İdeolojik bölünmüşlük ve çift kutupluluk temelinde yapılandırılmış küresel dünya düzeni, güç dengelerini tahkim etme ve meşrulaştırma amacını taşımaktadır. BM'nin beşli hegemonik yapısı, "emperyal çeteleşmenin" küresel iktidar ağının dışında kalan bütün ulusları ve yurttaşları tabiiyet ilişkisine mahkum etmeyi amaçlamaktadır. Bu dışlayıcı global ideoloji, neo-kolonyalizmin emperyal güç odaklarında küreselleşmesini temin etmektedir. Global düzene egemen olan bu ideolojiyi, ulusların egemenlik hakları başta olmak üzere insan hak ve özgürlüklerini kırılganlaştıran ve gölgeleyen bir ihlal ve istismar odaklı küresel güç yozlaşması olarak tanımlayabiliriz. Bu yozlaşmış küresel düzende veto hakkına sahip beş ülke dışındaki tüm dünya uluslarının sözleşmeler ve başkaca koruyucu mekanizmalar üzerinden 'sözde güvenceye' kavuşturulan yaşamsal haklarının, beşli gücün kendi içlerindeki çıkar çatışmalarında bir mübadele aracı olarak araçsallaştırıldığına tanıklık etmekteyiz.

Global siyasal sisteme içkin ikircikli uluslararası diplomasi dili ile örüntülenen pragmatik dış politik tutum, dünya yurttaşlarının ulusal egemenlik başta olmak üzere çok sayıda temel hak ve özgürlüklerini ihlal etmektedir. Uygarlığın bütün kırılgan değer alanları, global ölçekte devam etmekte olan insan haklarına yönelik kriz alanlarıyla dinamitlenmektedir. Yıkıcı sömürgeler tarihi boyunca, 'ilkel dünya' ve 'üçüncü dünya' olarak nitelenen insan coğrafyalarına yönelik dışlayıcı ideolojik pratikler, insan haklarına yönelik sorun alanlarını derinleştirmektedir. Bu kriz halinin ağır bilançosunu, "insanlık dışı muamelelere maruz kalan yurttaşlar; taciz ve tecavüze uğrayan kadınlar; savaşlar, ölüme mahkûm edilen çocuklar; etnik ve dinsel temizliğe maruz bırakılan topluluklar ve doğanın tahribatı" olarak sıralayabiliriz.

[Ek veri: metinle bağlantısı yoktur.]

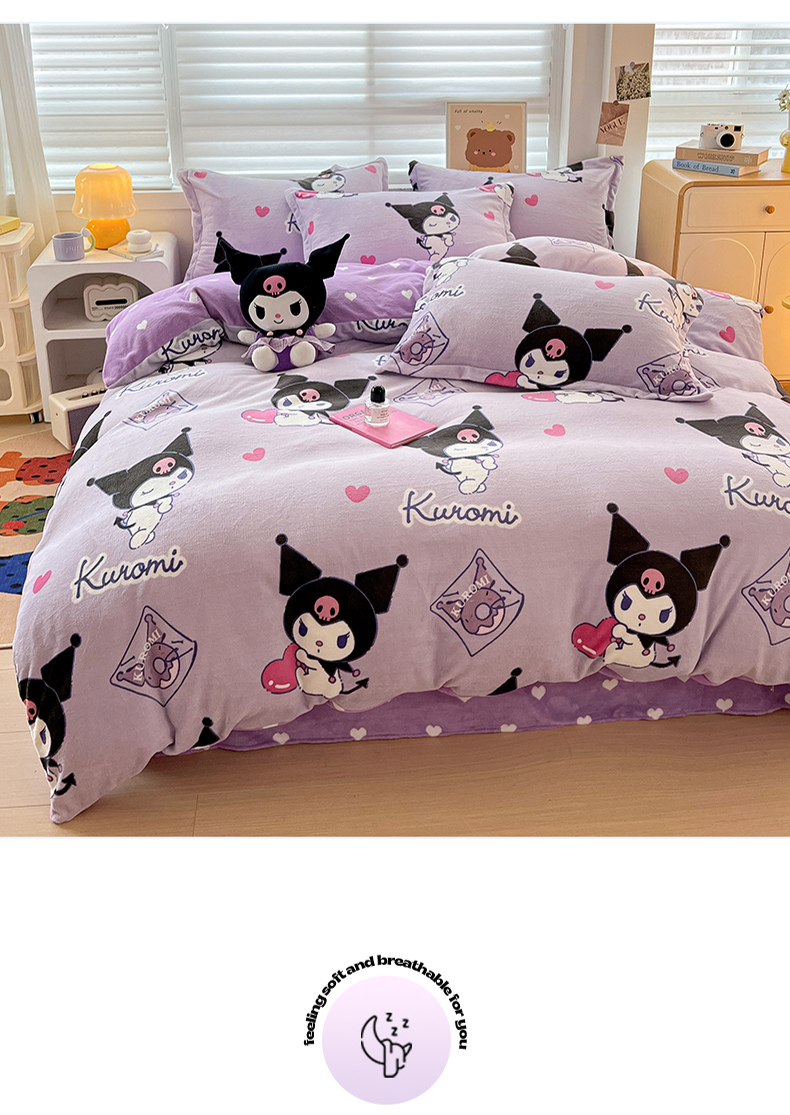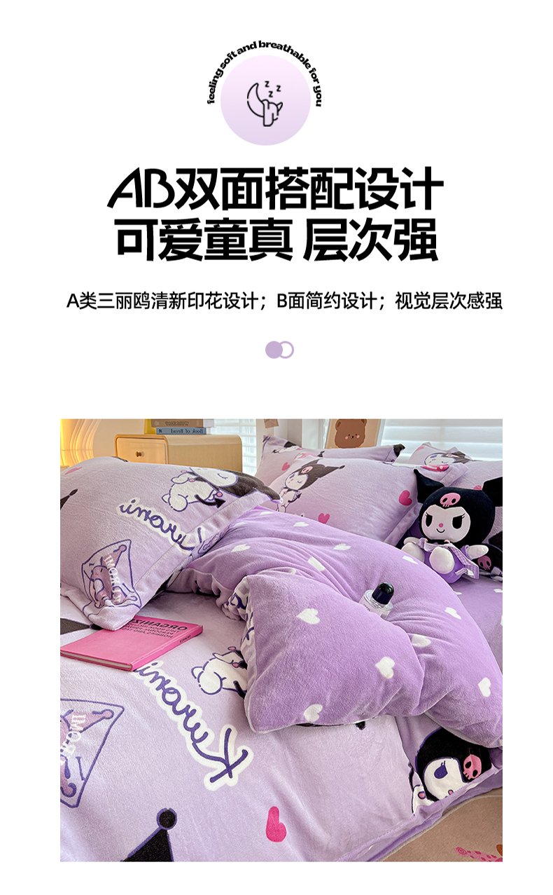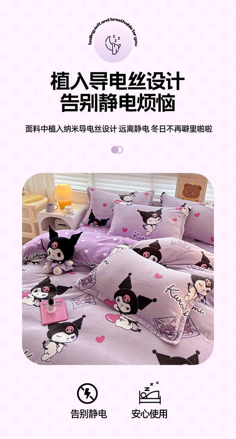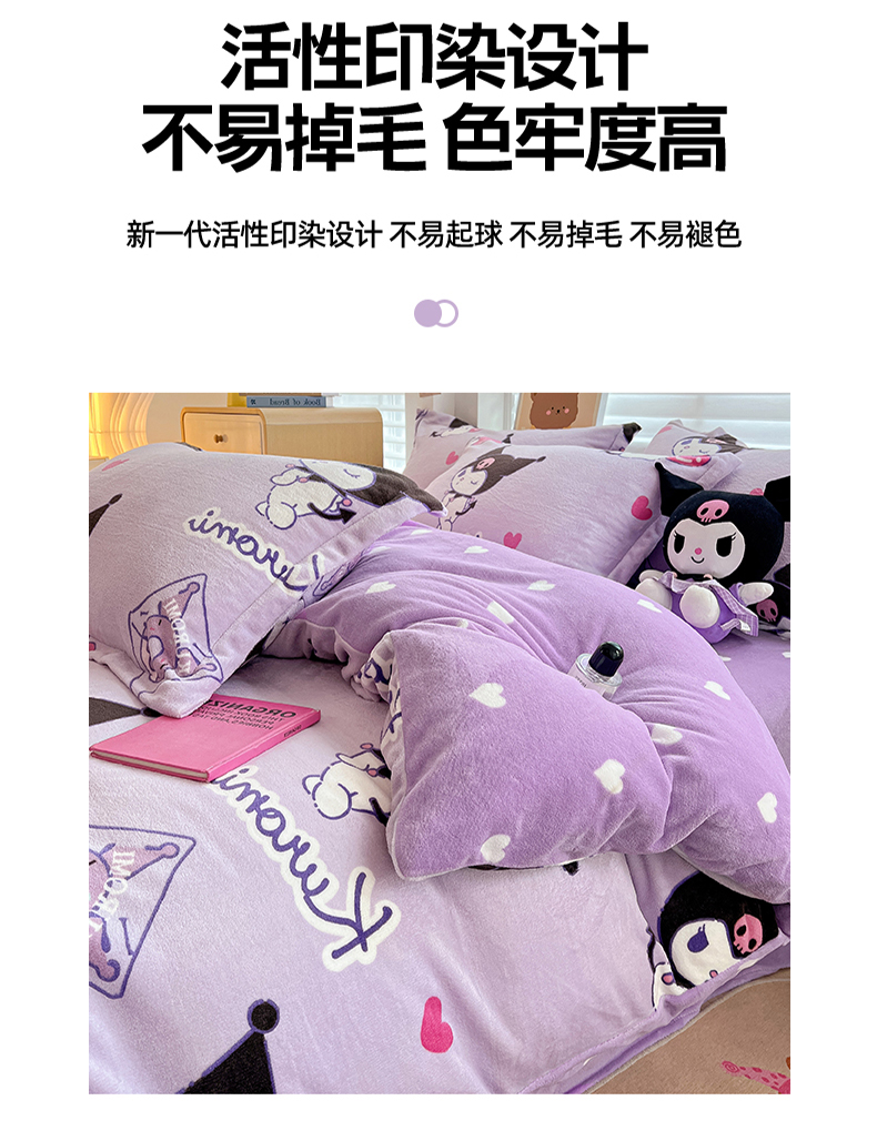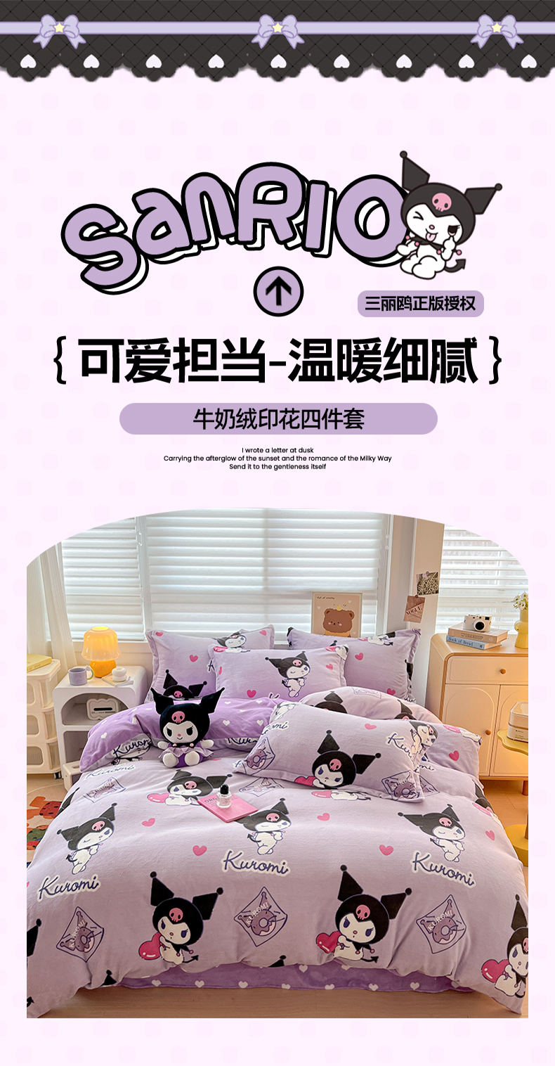 当前位置: 91家纺网 > 商品网购 > 床品套件 > 四件套 > 牛奶绒四件套 > KT猫直营店 2024新款三丽鸥库洛米牛奶绒四件套 新紫色库洛米

BM şartıyla (1945) teşekkül ettirilen uluslararası düzenin inanç esasları (kredosu) ile etik ilkeleri olarak milletler kamuoyuna ilan edilen İnsan Hakları Evrensel Bildirgesi (1948) arasında insan haklarının korunması ve geliştirilmesi noktasında bir 'koruma boşluğu' olduğunu söyleyebiliriz. Zira hem ulusal düzeyde kamu otoritesi ile yurttaş ya da bireyler arasında asimetrik ilişkiyi güvence altına alacak bir düzenin oluşturulması hem de uluslar arasında uluslararası hukuk ve insancıl hukukun ihlalleriyle ortaya çıkabilecek sorunların önlenmesi noktasında etkili bir içermeci mekanizmaya gereksinim bulunmaktadır. Nitekim bu dışlayıcı global düzenin ortaya çıkardığı küresel menfaat dengesi 'koruma boşluğunu' derinleştirmektedir. Öyle ki 78 yılı deviren bu kurumsal üst yapı, insan haklarını koruma noktasında yerleşik sistemsel tıkanıklarla yüzleşmektedir.